- Born: Mary Evelyn Grannan 11 February 1900 Fredericton, New Brunswick, Canada
- Died: 3 January 1975 (aged 74) Fredericton
- Occupations: Teacher, radio personality, writer
- Writing career
- Language: English
- Genre: Children's literature
- Notable works: Just Mary, Maggie Muggins

= Mary Grannan =

Canadian children's writer and radio personality

Mary Evelyn Grannan (11 February 1900 – 3 January 1975) was a Canadian children's writer and radio personality. She wrote and performed in programs for children on CBC Radio and CBC Television between 1938 and 1962. Stories broadcast on her radio and television programs Just Mary and Maggie Muggins were published in a series of popular books.

==Family and education==

Mary Grannan was born into an Irish Canadian Roman Catholic family in Fredericton, New Brunswick, Canada, on 11 February 1900. She was the second of three daughters born to William Peter Grannan and Catherine Teresa Haney. Her father, a wheelwright by trade, was also employed as a fireman. Mary Grannan attended St. Dunstan's School, a Roman Catholic elementary school, and then Fredericton High School. She attended New Brunswick's Provincial Normal School in Fredericton from September 1917 to June 1918, graduating as a teacher second class.

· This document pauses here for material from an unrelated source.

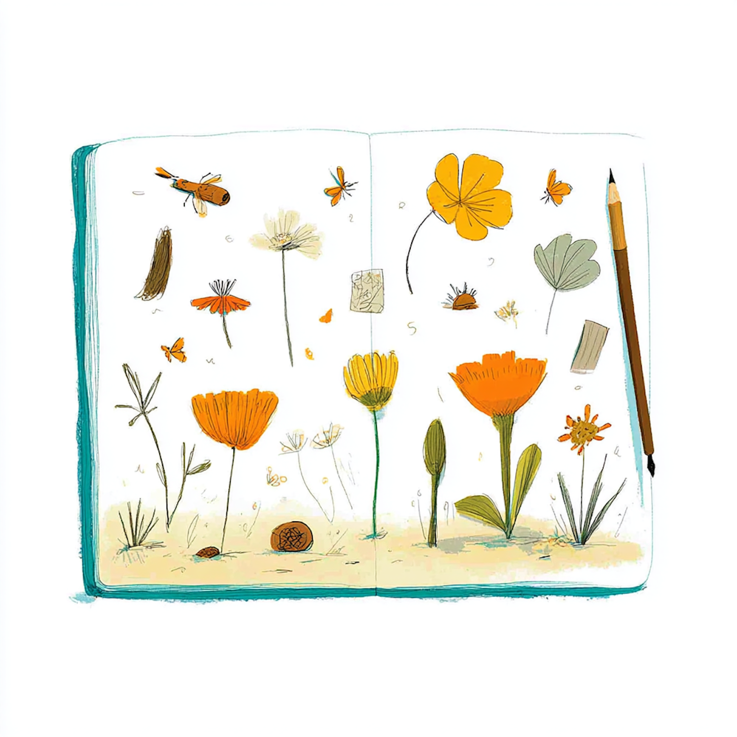 A charming illustration of a sketchbook with vibrant botanical drawings, insects, and a pencil, showcasing creativity and nature's beauty.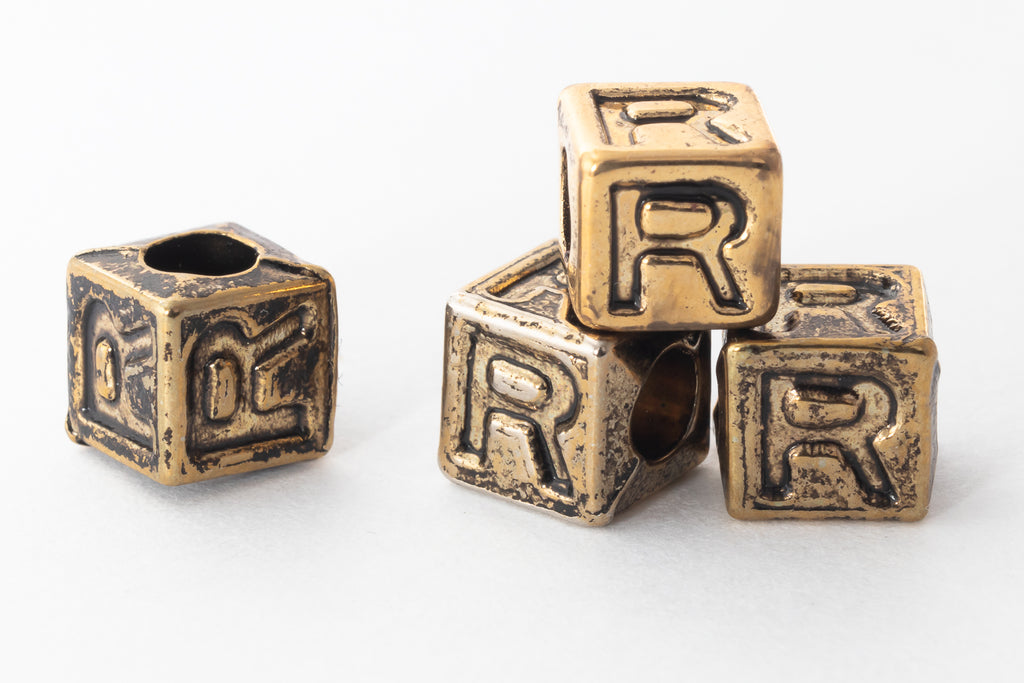 6mm metallic gold plastic cube beads with indented letter "R" on four sides.

==Teacher and broadcaster in Fredericton==

In 1919, Mary Grannan began teaching Grade 1 at the Devon Superior School in the town of Devon, just across the Saint John River from Fredericton. She spent the rest of her 20-year teaching career at the school, where she was noted for her talents as a storyteller and as an author and producer of plays performed by her students. She took private elocution lessons, and participated in amateur theatre productions in Fredericton. In the summer of 1927 she studied at the Vesper George School of Art in Boston, and later contributed editorial cartoons to the Daily Gleaner, a Fredericton newspaper.

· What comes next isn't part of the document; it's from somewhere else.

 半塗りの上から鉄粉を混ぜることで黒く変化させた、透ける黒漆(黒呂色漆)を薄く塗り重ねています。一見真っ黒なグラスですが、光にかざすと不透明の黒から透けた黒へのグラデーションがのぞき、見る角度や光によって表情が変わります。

In April 1936, while still teaching full-time, Mary Grannan began broadcasting on CFNB, a private radio station in Fredericton. One of her programs, a comedy series entitled Aggravating Agatha, became a popular success in the local market. CFNB attempted to interest the newly formed Canadian Broadcasting Corporation in carrying it nationally, but the Corporation did not accept the proposal. On the other hand, they expressed an interest in increasing children's radio programming, and Mary Grannan developed the idea for her Just Mary program to meet that requirement. The program, in which she read her original children's stories, appeared first on CFNB in November 1937. It was carried on the eastern radio network of the CBC during the summer and the Christmas holiday season of 1938. On the strength of Just Mary she was offered a full-time position as a junior producer at CBC Radio headquarters in Toronto. She joined the CBC in Toronto in July 1939, having taken a year's leave of absence from her teaching position, and officially resigned from teaching in 1940.

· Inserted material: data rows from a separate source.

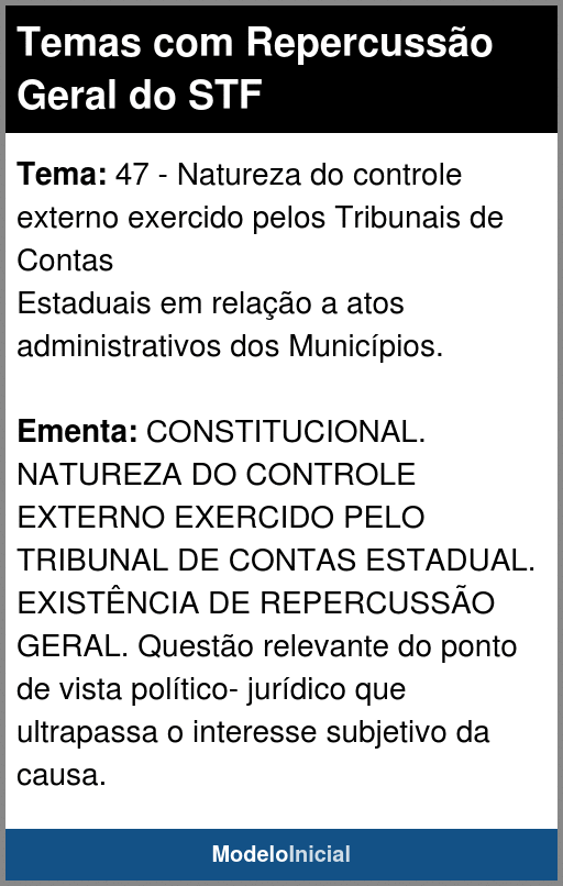 Tema 47: Natureza do controle externo exercido pelos Tribunais de Contas Estaduais em relação a atos administrativos dos Municípios.Descrição: Recurso Extraordinário em que se discute, à luz dos artigos 31, § 1º; 37, caput e I; 71, III, da Constituição Federal, se as decisões do Tribunal de Contas dos Estados, na análise definitiva de atos de admissão de pessoal por parte dos Municípios, possuem natureza mandamental ou meramente opinativa.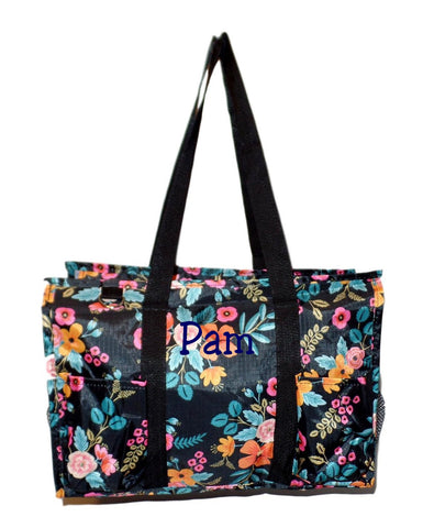 Fashion Print Zip Top Organizing Beach Bag Tote Diaper Bag Weekender - Can Be Personalized (Personalized Black Floral)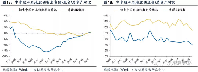 美中不足的是中资股净负债和净现金头寸的优势并不明显。恒生国企指数剔除腾讯后的净负债压力小幅提升(有息负债-现金/总资产),现金/总资产从19H1的4.9%下降至4%,其表现并未好于恒生香港35指数。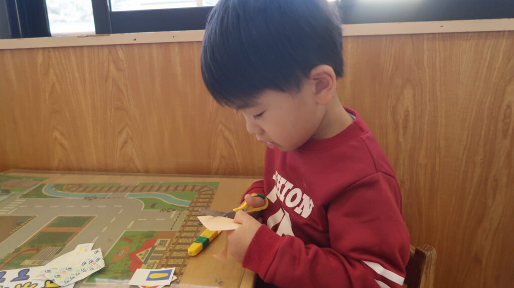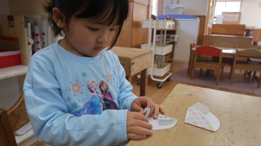 2歳児さんも折り紙で着物作りに挑戦!お話もよく聞いていて、指先を器用に動かしてイメージする折り方が出来るようになってきています。出来上がりが楽しみですね~!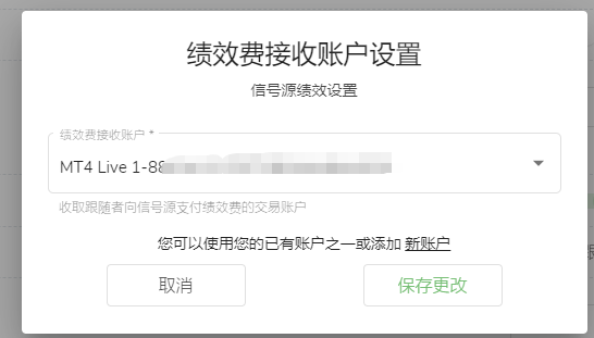 2. 在弹窗内选择想要接收绩效费的账户,点击「保存更改」即可。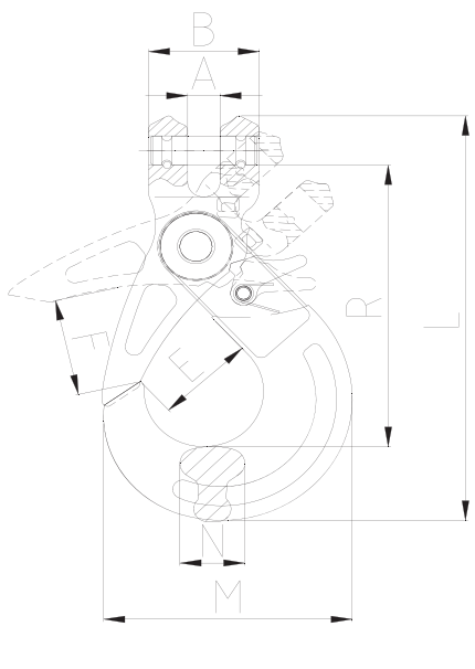 | Item No. | Weight/kg | WLL/T | B.L/T | A±0.5 | B±1 | E±1 | F±1 | R±2 | M±2 | N±1 | L±3 |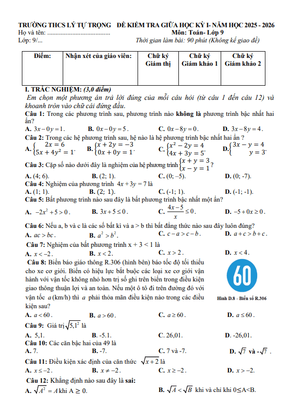 Đề Thi Giữa HK1 Toán 9 Đề giữa học kỳ 1 Toán 9 năm 2025 – 2026 trường THCS Lý Tự Trọng – Đà Nẵng 02/12/2025

==CBC radio and television==

When she started work at CBC radio in 1939, Mary Grannan was responsible for two weekly children's programs. Just Mary, which was heard from noon to 12:15 on Sundays, was intended for children from four to eight years old. The Children's Scrapbook, a half-hour program directed at older school-aged children, was broadcast on Saturday afternoons beginning at 12:30. It offered a variety of content, including plays, interviews, and documentary broadcasts recorded outside the studio in places such as a zoo or a newspaper's linotype printing operation. The reporter for these documentary segments was Austin Willis, who was the regular announcer on both of Mary Grannan's programs. From fall 1945 to spring of 1946, an evening edition of The Children's Scrapbook, called Evening Scrapbook, appeared on Thursday evenings.

The Children's Scrapbook ceased production in the spring of 1946. To replace it, Mary Grannan wrote and produced a new half-hour program called The Land of Supposing. The program, which presented dramatizations of original stories by Mary Grannan, as well as adaptations of fairy tales and folk tales, ran from April through June from 1946 to 1948, and again in 1950.

The Maggie Muggins radio program was first broadcast on 1 January 1948 and was heard on Wednesday afternoons. It was based on Mary Grannan's book, also entitled Maggie Muggins, which had been published in 1944. Unlike the Just Mary stories, Maggie Muggins had a continuing cast of characters. By 1949, it had a larger audience than any other Canadian children's program. The radio series ended in June 1953, when the actress who played Maggie graduated from high school. Maggie Muggins became a television program in February 1955.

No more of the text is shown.